Neto do ex-prefeito de Salvador, ex-governador da Bahia e ex-senador Antônio Carlos Magalhães (1927-2007), ACM Neto é herdeiro do “carlismo” – como ficou conhecido o movimento de apoio a seu avô, eleito deputado estadual pela primeira vez em 1954, pela União Democrática Nacional (UDN). Vestindo um figurino mais moderno, o grupo se reinventou sob a liderança de um jovem e carismático líder que parece planejar milimetricamente cada passo de sua já vitoriosa trajetória política. 
ACM Neto nasceu em 26 de janeiro de 1979, em Salvador.

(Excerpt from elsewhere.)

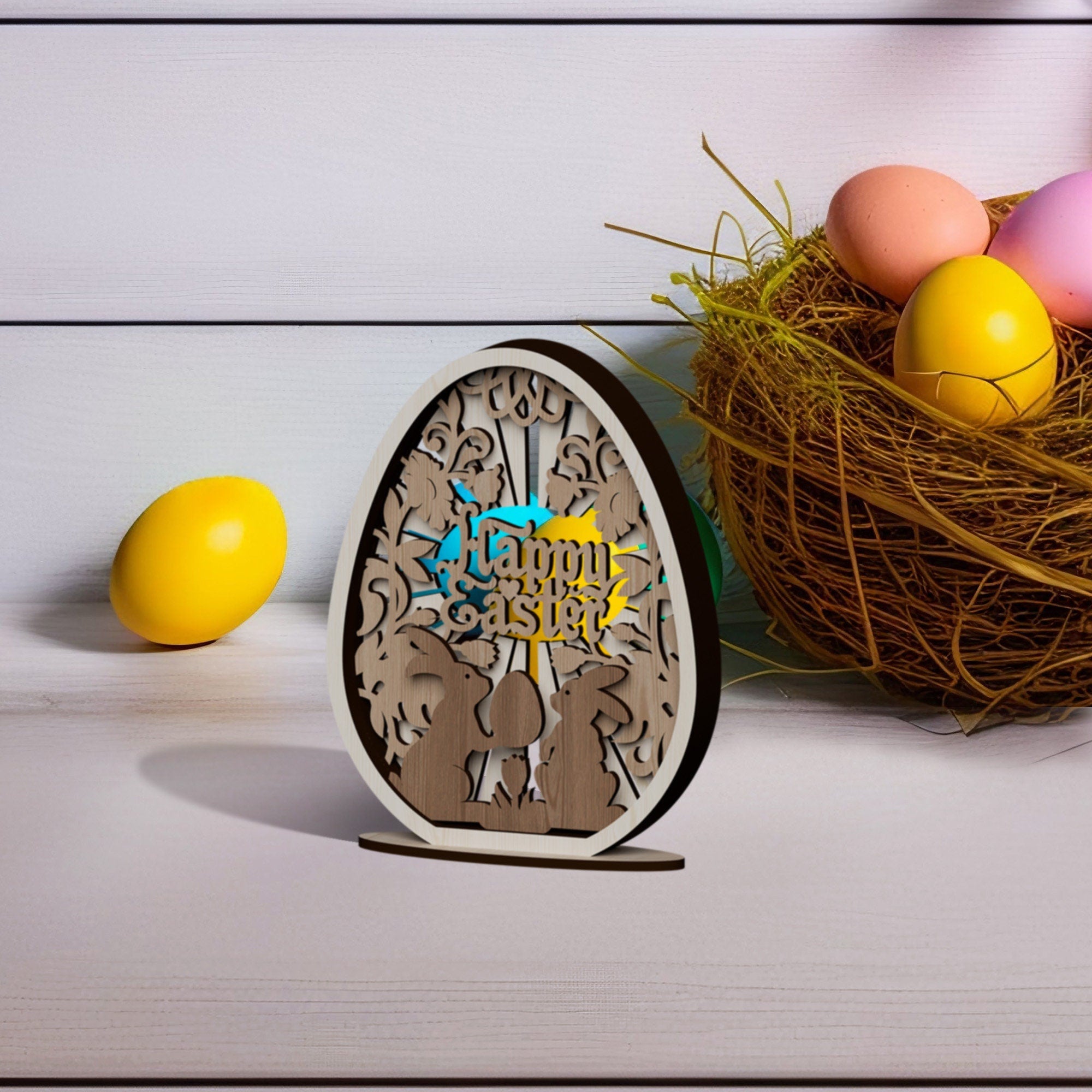 Multilayer Easter bunny egg table decor laser cut svg file

Filho de Antônio Carlos Magalhães Júnior e Maria do Rosário Magalhães, ele sempre teve a política “correndo nas veias”: assim como o avô, seu pai foi senador da República. Seu tio, Luís Eduardo Magalhães (1955-1998), foi presidente da Câmara dos Deputados entre 1995 e 1997 e era considerado potencial candidato ao Palácio do Planalto – na época, contava com a simpatia do então presidente Fernando Henrique Cardoso (PSDB). Em 1998, durante sua pré-campanha ao governo da Bahia pelo PFL, Luís Eduardo morreu precocemente, aos 43 anos, vítima de um infarto fulminante. 

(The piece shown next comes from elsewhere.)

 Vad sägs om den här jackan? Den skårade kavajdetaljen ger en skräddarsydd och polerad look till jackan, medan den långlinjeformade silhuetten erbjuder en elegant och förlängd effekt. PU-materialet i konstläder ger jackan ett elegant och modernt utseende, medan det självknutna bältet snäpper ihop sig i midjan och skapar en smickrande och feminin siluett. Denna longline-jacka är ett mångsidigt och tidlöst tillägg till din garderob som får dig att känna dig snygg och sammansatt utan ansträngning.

Aquele que viria a ser o principal herdeiro do carlismo estudou no Colégio Marista e no Colégio Módulo, dois dos mais tradicionais da capital baiana. Neste último, no qual completou o segundo grau, ACM Neto deu os primeiros passos na política estudantil e fundou o grêmio acadêmico. 
Em 2001, então com 22 anos e já se preparando para iniciar a inevitável trajetória política, ACM Neto se tornou bacharel em Direito, concluindo o curso pela Universidade Federal da Bahia (UFBA). Três anos mais tarde, aos 25, casou-se com a dermatologista Lídia Salles em concorrida cerimônia na Catedral Basílica de Salvador que mobilizou a elite social e política da Bahia.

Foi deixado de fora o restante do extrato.